Hmm, I feel like you may be framing things quite differently to how I would, or something. My initial reaction to your comment is something like:
It seems usefully to conceptually separate data collection from data processing, where by the latter I mean using that data to arrive at probability estimates and decisions.
I think Bayesianism (in the sense of using Bayes’ theorem and a Bayesian interpretation of probability) and “math and technical patches” might tend to be part of the data processing, not the data collection. (Though they could also guide what data to look for. And this is just a rough conceptual divide.)
When Ozzie wrote about going with “an approach that in-expectation does a decent job at approximating the mathematical approach”, he was specifically referring to dealing with the optimizer’s curse. I’d consider this part of data processing.
Meanwhile, my intuitions (i.e., gut reactions) and what experts say are data. Attending to them is data collection, and then we have to decide how to integrate that with other things to arrive at probability estimates and decisions.
I don’t think we should see ourselves as deciding between either Bayesianism and “math and technical patches” or paying attention to my intuitions and domain experts. You can feed all sorts of evidence into Bayes theorem. I doubt any EA would argue we should form conclusions from “Bayesianism and math alone”, without using any data from the world (including even their intuitive sense of what numbers to plug in, or whether people they share their findings with seem skeptical). I’m not even sure what that’d look like.

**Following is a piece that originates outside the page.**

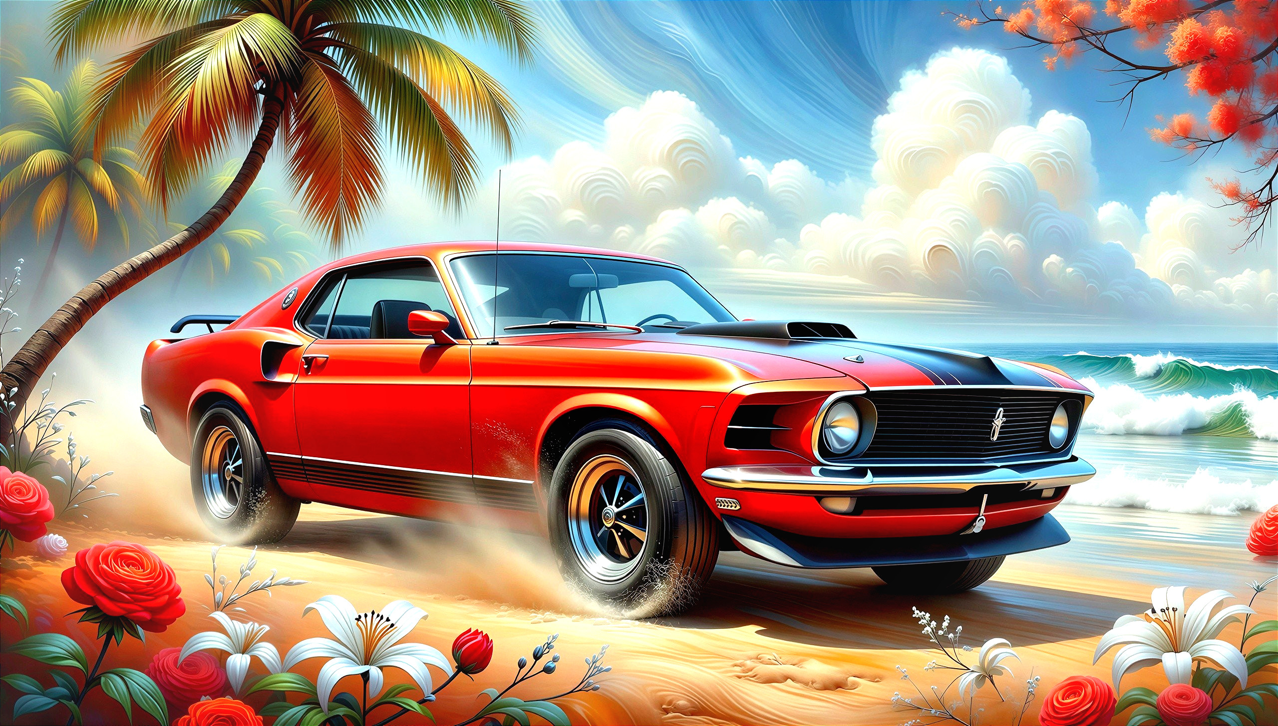 A glossy red classic sports car, possibly a Ford Mustang, with a black racing stripe on the hood, is positioned at an angle on a sandy or dusty path next to a tropical beach. The car is depicted in motion, kicking up dust and dirt from its tires. Behind the car, a large

And I think my intuitions or what domain experts says can very easily be made sense of as valid data within a Bayesian framework. Generally, my intuitions and experts are more likely to indicate X is true in worlds where X is true than where it’s not. This effect is stronger when the conditions for intuitive expertise are met, when experts’ incentives seem to be well aligned with seeking and sharing truth, etc. This effect is weaker when it seems that there are strong biases or misaligned incentives at play, or when it seems there might be.
(Perhaps this is talking past you? I’m not sure I understood your argument.)
I largely agree with what you said in this comment, though I’d say the line between data collection and data processing is often blurred in real-world scenarios.
I think we are talking past each other (not in a bad faith way though!), so I want to stop myself from digging us deeper into an unproductive rabbit hole.